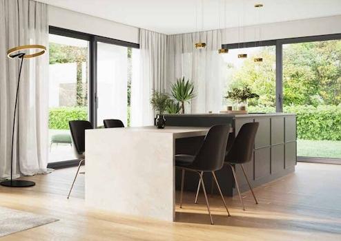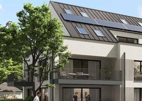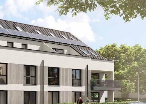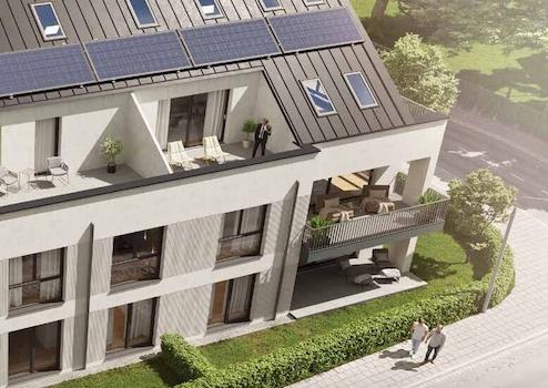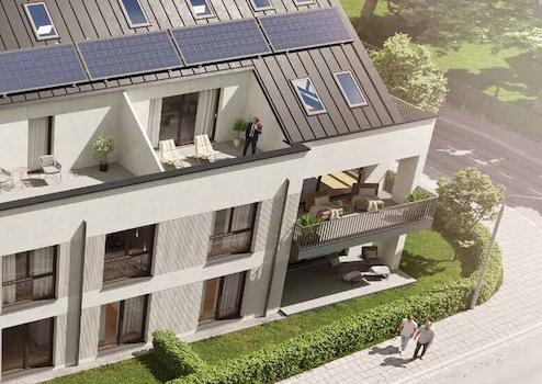 Herzstück aller Wohnungen ist der offene Koch-/Ess-/Wohnbereich mit Zugang zur Terrasse bzw. Balkon oder Loggia, eine Wohlfühloase zwischen Architektur und Natur. Ein Aufzug ermöglicht einen schwellenfreien Zutritt ins Untergeschoss.
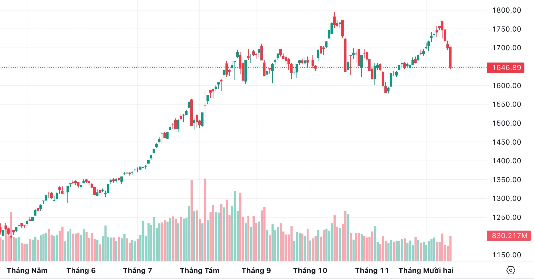 Chứng khoán phiên 12/12: Giảm giá đồng loạt, VN-Index lùi về 1.646 điểm -
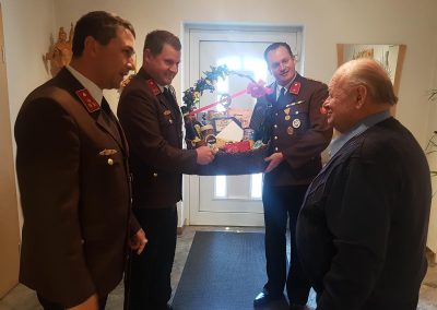 Unser Kommandant, Kommandant-Stellvertreter und Zugskommandant stellten sich bei Löschmeister (LM) Karl Weidinger als Gratulanten ein.
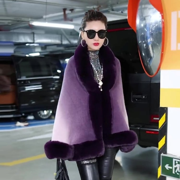 深みのあるグラデーションが美しいケープコートは、ふわふわのファーと柔らかなニット素材が織りなす、上品で華やかな一着。Aラインのシルエットが体型を自然にカバーし、ゆったりとしたフリーサイズでリラックス感も抜群。お呼ばれやパーティーはもちろん、休日のお出かけにもぴったりなドレッシーなデザインです。抜け感のあるエフォートレスな着こなしで、普段使いにも高見えを叶えます。秋冬のコーディネートに、エレガントでシックな彩りを添えてみませんか。
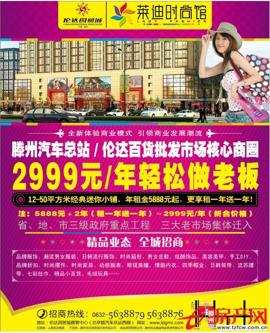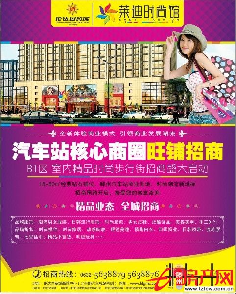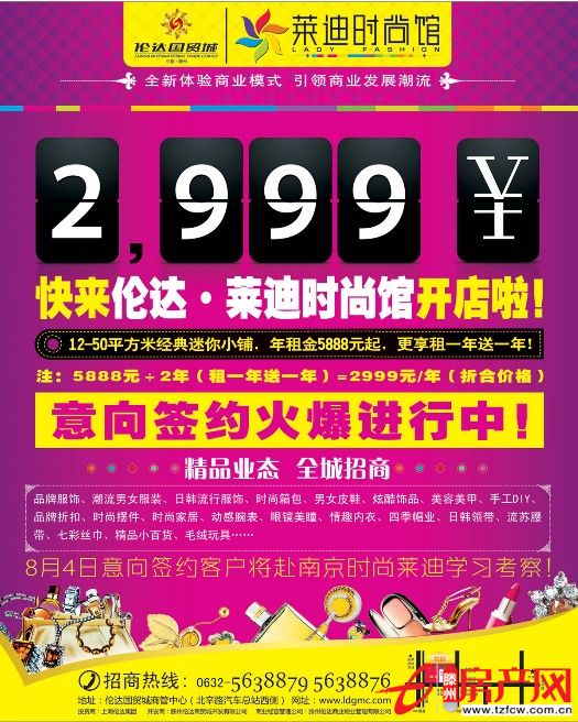 2012-08-17萊迪時尚館,全城沸騰搶鋪!12-50平方米經典迷你小鋪,年租金5888元起,更享租一年送一年!招商熱線:0632-56388795638876地址:倫達國貿城商管中心(北辛路汽車總站西側)網址:/uploads/news/www.ldgmc...
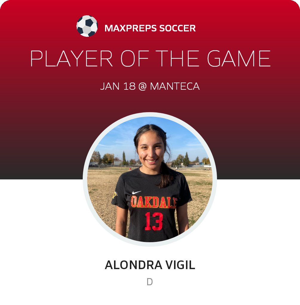 Congratulations to #13 Alondra Vigil for being selected the Oakdale Girls Soccer Player of the Match.
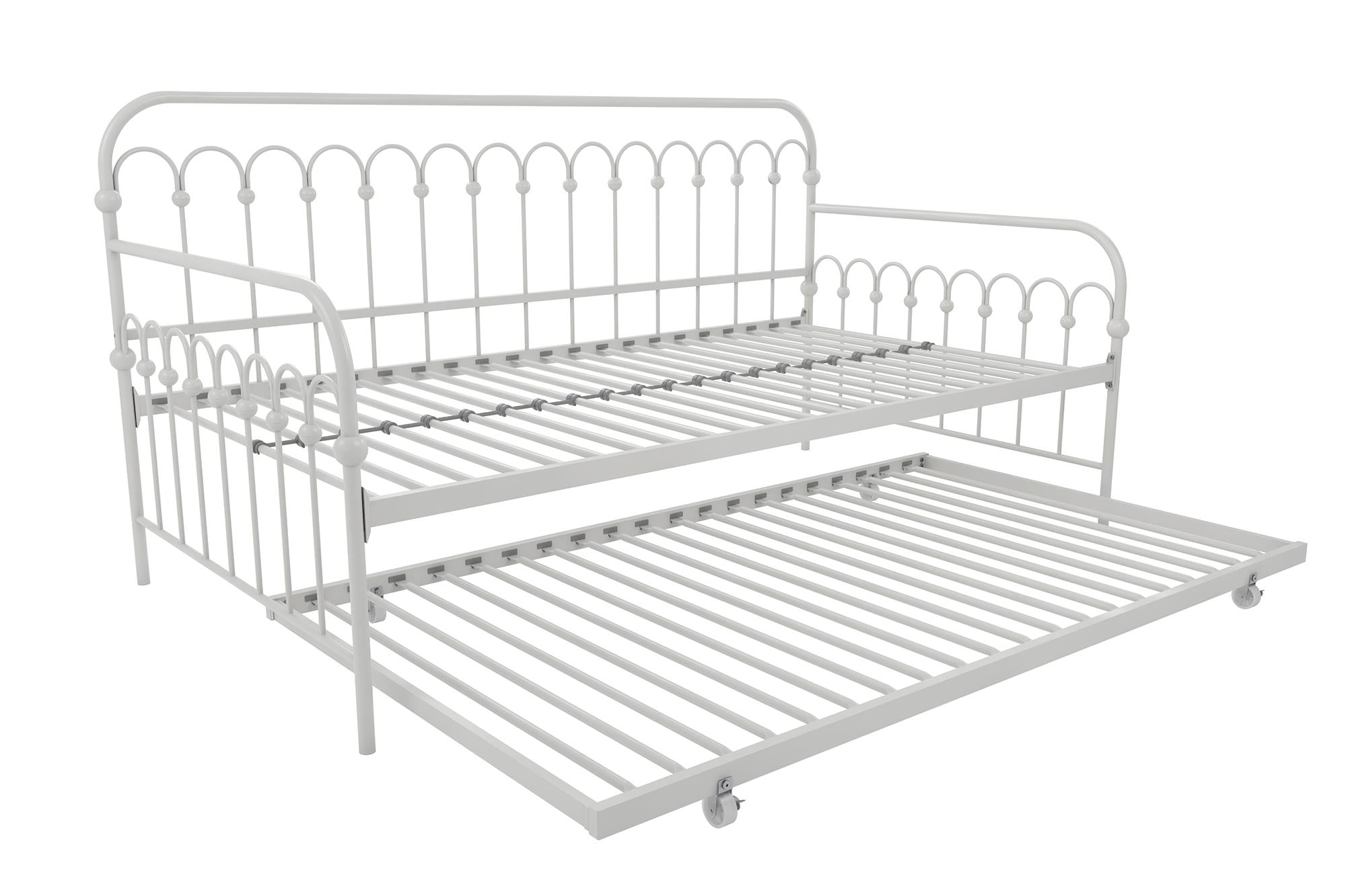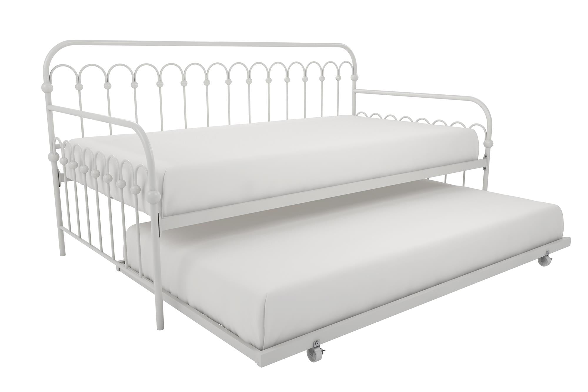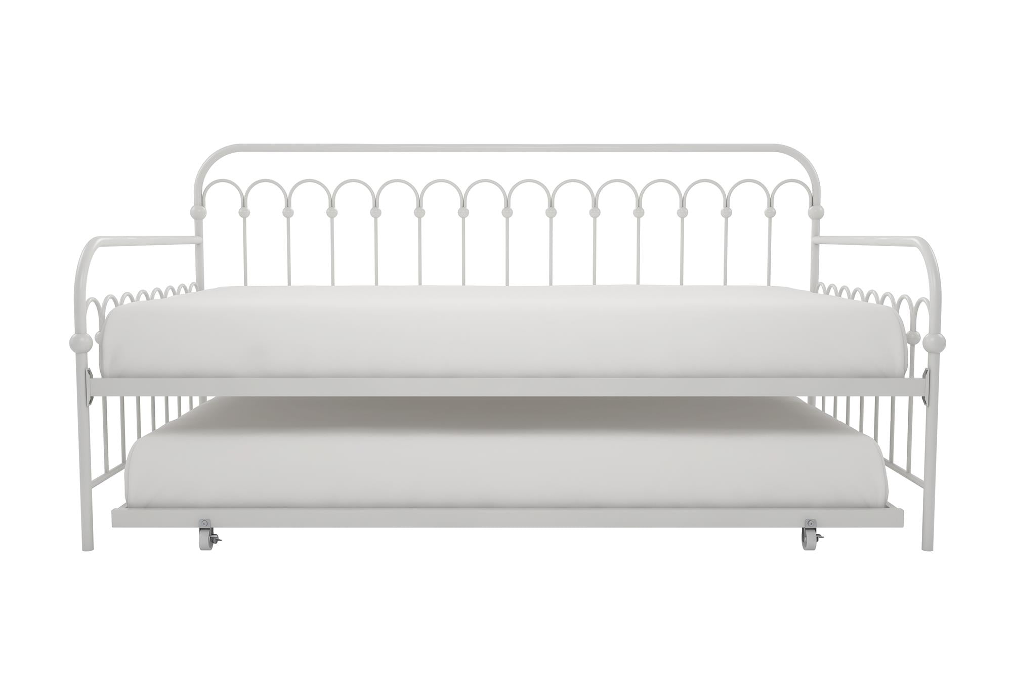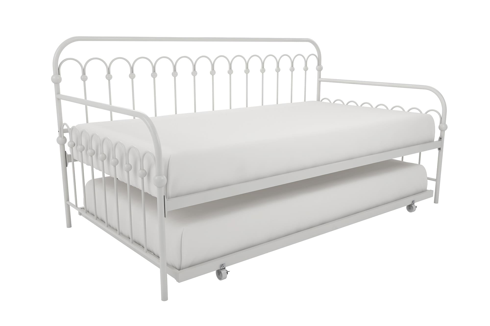 Novogratz Bright Pop Metal Daybed with Roll Out Trundle – Chic, Stylish, Space-Saving Design – Includes Sturdy Steel Slats (Off White, Twin)

#####

- _Task details_
Copy only what lies between the line with "Chứng khoán phiên" and the line with "Congratulations to #13", those two lines included, exactly as given above; pictures stay out.

- _Output of the task_
 Chứng khoán phiên 12/12: Giảm giá đồng loạt, VN-Index lùi về 1.646 điểm -
 Unser Kommandant, Kommandant-Stellvertreter und Zugskommandant stellten sich bei Löschmeister (LM) Karl Weidinger als Gratulanten ein.
 深みのあるグラデーションが美しいケープコートは、ふわふわのファーと柔らかなニット素材が織りなす、上品で華やかな一着。Aラインのシルエットが体型を自然にカバーし、ゆったりとしたフリーサイズでリラックス感も抜群。お呼ばれやパーティーはもちろん、休日のお出かけにもぴったりなドレッシーなデザインです。抜け感のあるエフォートレスな着こなしで、普段使いにも高見えを叶えます。秋冬のコーディネートに、エレガントでシックな彩りを添えてみませんか。
 2012-08-17萊迪時尚館,全城沸騰搶鋪!12-50平方米經典迷你小鋪,年租金5888元起,更享租一年送一年!招商熱線:0632-56388795638876地址:倫達國貿城商管中心(北辛路汽車總站西側)網址:/uploads/news/www.ldgmc...
 Congratulations to #13 Alondra Vigil for being selected the Oakdale Girls Soccer Player of the Match.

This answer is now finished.